Issue of Eligibility.
The Supreme Court in a majority decision in Republic v High Court Ex parte Dr Zanetor Rawlings, affirmed that a person must be qualified as an MP the time they submit their forms to the EC.
In a minority Opinion, Justice Anin Yeboah, opined that, the submission of forms to the political party in a primary is the cut of point.
However, the majority, still felt that, Justice Anin Yeboah’s interpretation did not take into account independent candidates who do not contest in primaries of political parties.
At no point in both the majority and minority Opinion did the Justices even talk of an MP-elect and qualification on the date a person is sworn in as an MP.
A few NDC die hard are of the view Judges assume their positions on the date of their swearing in so the same should apply to MPs.
That is factually incorrect.
Alex Segbefia and everyone one who knows the law knows that to qualify for a position you must first be eligible to hold that office.
In the case of Dr Ekow Spio-Gabrah Gabrah in 1993, he failed to qualify as a minister of state because he was not a registered voter and his appointment was subsequently withdrawn.

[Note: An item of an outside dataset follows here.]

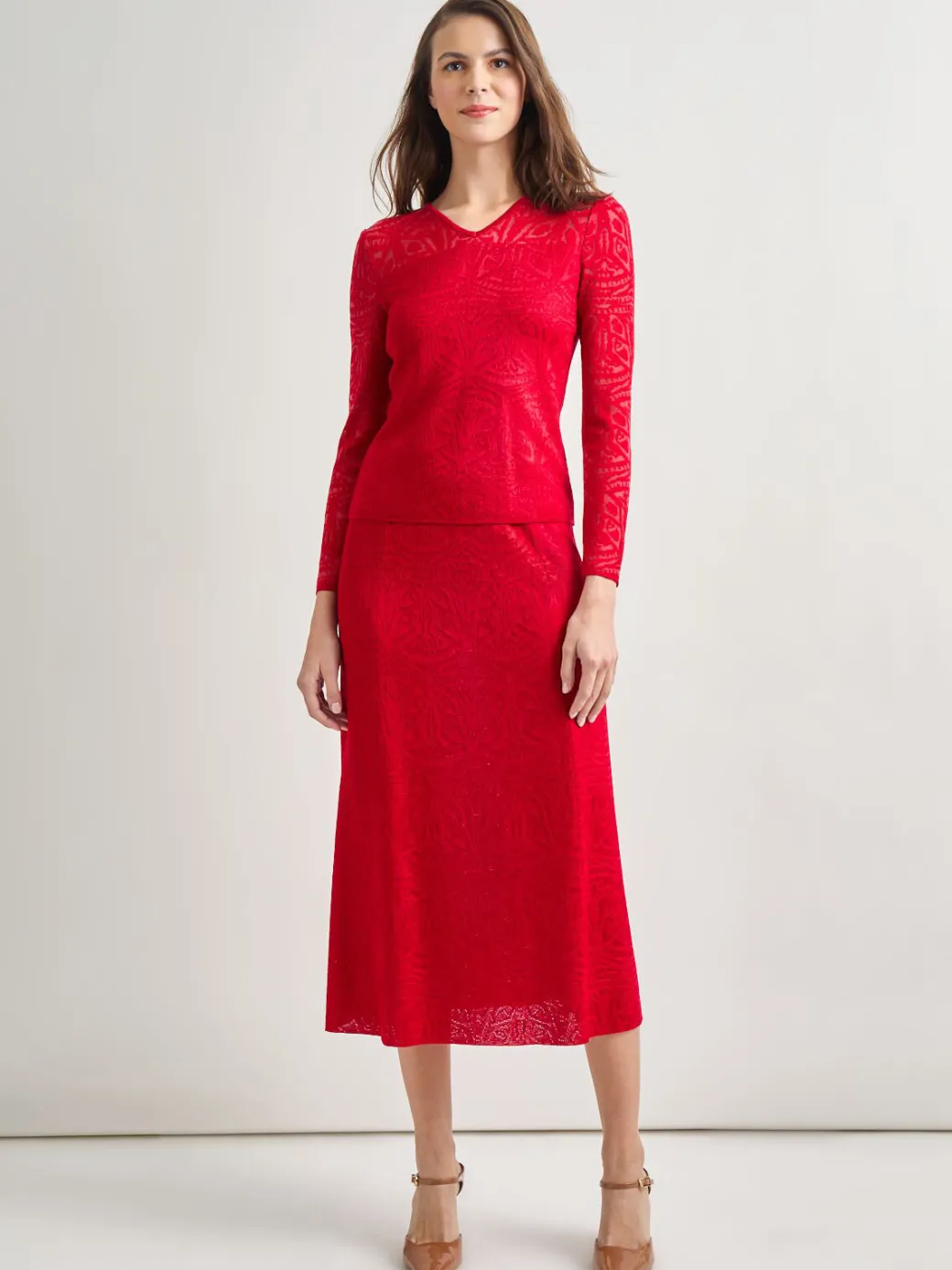 This Tonal Patterned V-Neck Knit Top features a pullover design and long sleeves. The long sleeves are crafted from a delicate burnout knit, making this piece a great transition garment for the fall days. Pair with the matching skirt for a complete tonal look.

This shows that on the day of your appointment, or whenever a person decides to contest for Public Office he should be qualified and eligible.
The writer is a Financial Crime, Governance and Regulatory Expert, who has extensive experience working with banks and financial institutions in UK, Switzerland and The Netherlands. He holds Graduate degree in Law and LLM University of Law and is a graduate University of Ghana as well as Said Business School, University of Oxford.